The sub-indicators are: Democratic elections; absence of violence against civilians; impartiality of the judicial system and judicial processes; civil society space; institutional checks and balances; and transparency in public procurement procedures.
Zimbabwe currently scores 49.54 (in 2022) out of 100.0 in overall governance, ranking 29th out of 54 in Africa. The country scores lower than the African average (48.9) and lower than the regional average for southern Africa (54.2).
Under the implementation matrix seen by The NewsHawks, Zimbabwe seeks to improve the governance index to 51.03 this year from 49.54 reported last year. Next year, the country sees the score improving to 52.56 before further climbing to 54.14 the following year.
Published since 2007, the Ibrahim Index of African Governance assesses governance performance in 54 African countries over the latest available 10-year period. It provides a framework and dashboard for any interested audience to assess the delivery of public goods and services and public policy outcomes in African countries.
The IIAG constitutes the most comprehensive dataset measuring African governance, providing specific scores and trends at African continental, regional, and national level, on a whole spectrum of thematic governance dimensions, from security to justice to rights and economic opportunity to health.
The financially beleaguered is once again trying to engage its creditors, including Bretton Woods institutions and the Paris Club, in negotiating a reprieve around its debt arrears and unblocking access to credit.

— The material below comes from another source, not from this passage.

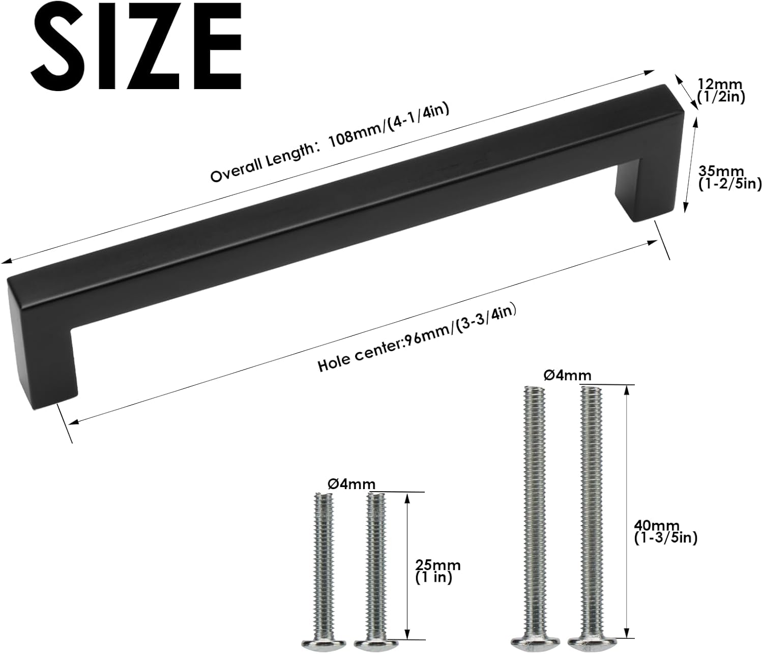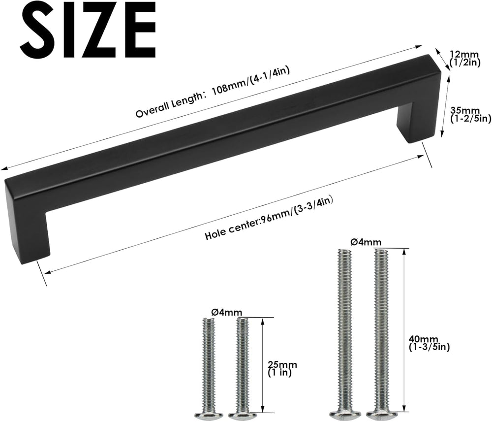 - Grösse der Griffe: Gesamtlänge: 108 mm, Bohrlochabstand: 96 mm, Breite 35 mm, Anzahl 15 Stück. Jeder Möbelgriff ist mit zwei Schrauben unterschiedlicher Länge ausgestattet, 2 Schrauben mit 25 mm Länge und 2 Schrauben mit 40 mm Länge.

Experts say before this, several plans collapsed due to lack of political will to reform.
As a condition for debt dialogue, lenders insist the government embarks on a process of reforms.
The country owes around US$17 billion in public debt, the vast majority of which (US$14 billion) is external debt.
Official figures show that 60% of this external debt is arrears or interest incurred by non-payment. The country’s currency is in freefall following the government’s decision to liberalise the market.
Experts say for the country’s High-Level Debt Resolution Forum to work, the Zanu PF government must commit to significant governance reforms.
African Development Bank president Akinwumi Adesina recently flagged this when he said: “The most difficult and more sensitive reforms are the governance reforms . . . As I mentioned during the second high-level dialogue and in my discussions with H.E.”
“President Mnangagwa, development partners and other creditors, it is important that we find a mechanism to try to fast-track and front-load the payment of these compensations. Hope delayed makes the heart go weary. Further delays in paying the compensations could erode trust and confidence,” he said.